2. Materials and method

This project is funded by the American Heart Association (23SCISA1143491). The trial is registered on clinicaltrials.gov (NCT06429293). All procedures described below were approved by the Massachusetts General Brigham Institutional Review Board.

2.1. Overview of study design and recruitment

This study is a randomised controlled trial of CPT compared to waitlist control that is testing the effects of CPT on mechanisms of the PTSD-CVD link. Enrolment began in 2023 and is projected to continue through 2026. Participants include individuals with PTSD and CVD risk recruited from the Boston area (N = 30). Treatment assignment is randomised and stratified by sex. Participants are randomised to CPT (n = 15) or waitlist control (n = 15). Potentially eligible participants complete a screening visit to confirm inclusion/exclusion criteria. Upon confirmation of eligibility, participants are scheduled for a baseline session, where they complete surveys, brain and peripheral imaging, and resting measures of autonomic function. Following the baseline visit, participants are randomised into CPT or the waitlist control group. Those randomised to CPT complete sessions via telehealth. Following a 12-week treatment period, participants attend the post-treatment visit, consisting of the same assessments administered at baseline. Participants randomised to waitlist are offered CPT upon completion of the post-treatment visit. See for an overview of study design and flow.

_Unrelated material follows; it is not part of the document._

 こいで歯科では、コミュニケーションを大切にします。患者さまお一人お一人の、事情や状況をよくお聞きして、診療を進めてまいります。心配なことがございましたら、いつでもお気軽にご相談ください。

Figure 2. Study design overview.

Participant flow through the study.
Figure 2. Study design overview.

Participants will be recruited through multiple pathways. First, participants may self-refer based on recruitment flyers posted on approved bulletin boards at the hospital (including online boards). Second, eligible participants may be identified via the hospital-wide registry of patients interested in research and be directly invited. Third, participants may be referred by primary care physicians and physician specialists. Interested subjects are contacted by phone and screened to confirm initial eligibility criteria. If eligible, a virtual consent visit is scheduled, followed by psychiatric assessments to confirm additional eligibility criteria (e.g., substance use).

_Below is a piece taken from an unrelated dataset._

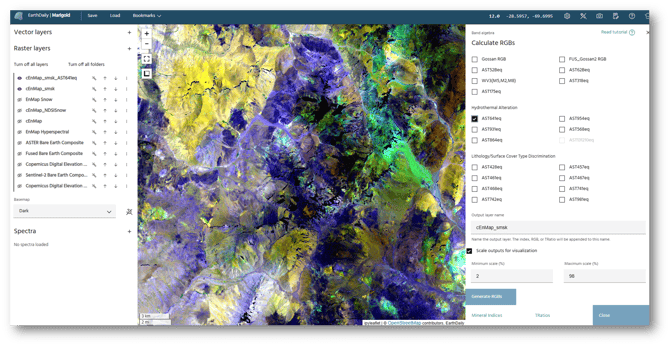 The Rapid Mapping Outputs tool is the top spot to find EarthDaily's curated list of mineral indices, RGB band visualizations, and Ternary Ratio (TRatio) combinations that are specifically selected for mineral exploration. In this update, we have added a new section for non-mineral indices and expanded the tool to function with hyperspectral datasets in addition to multispectral. Ultimately, this tool will replace the original Mineral Indices and Hyperspectral Mineral Index Analogs tools, so please make it your new favorite stop on your processing workflow.

2.1.1. Inclusion/exclusion

Inclusion criteria for the study are as follows: (1) age 18–65 years (upper limit chosen to optimise changes in brain activation that diminish with age); (2) criterion A trauma exposure and PTSD symptoms (clinically significant symptoms in at least two symptom clusters [Klein et al., Citation2024]); (3) subclinical atherosclerotic CVD (e.g., coronary, cerebrovascular, or peripheral arterial plaque or calcifications on imaging), clinical atherosclerotic CVD (e.g. myocardial infarction or revascularization), or increased risk for atherosclerotic CVD (i.e. ≥2 of hypertension, diabetes mellitus, hyperlipidemia, and active smoking); (3) ability to understand and sign informed consent; (4) fluent English speaker.

Exclusion criteria include: (1) history of stroke, brain surgery, seizure (2) use of certain CVD medications (e.g. beta-blockers, high-intensity statins [e.g., rosuvastatin 20/40 mg and atorvastatin 40/80 mg], PCSK-9 inhibitors); (3) psychiatric or cardiovascular medication change within 4 weeks (i.e. stable regimen is allowed); (4) currently in PTSD therapy; (5) neurological or systemic inflammatory disease/current anti-inflammatory therapy; (6) moderate/severe alcohol/substance use disorder; (7) current mania/psychosis; (8) weight >300 lbs., claustrophobia, pregnancy, metal implants that are incompatible with magnetic resonance imaging (MRI), or uncontrolled hyperglycemia (for imaging); (9) significant radiation exposure (>2 nuclear tests, computed tomography images, or fluoroscopic procedures) during the preceding 12-months.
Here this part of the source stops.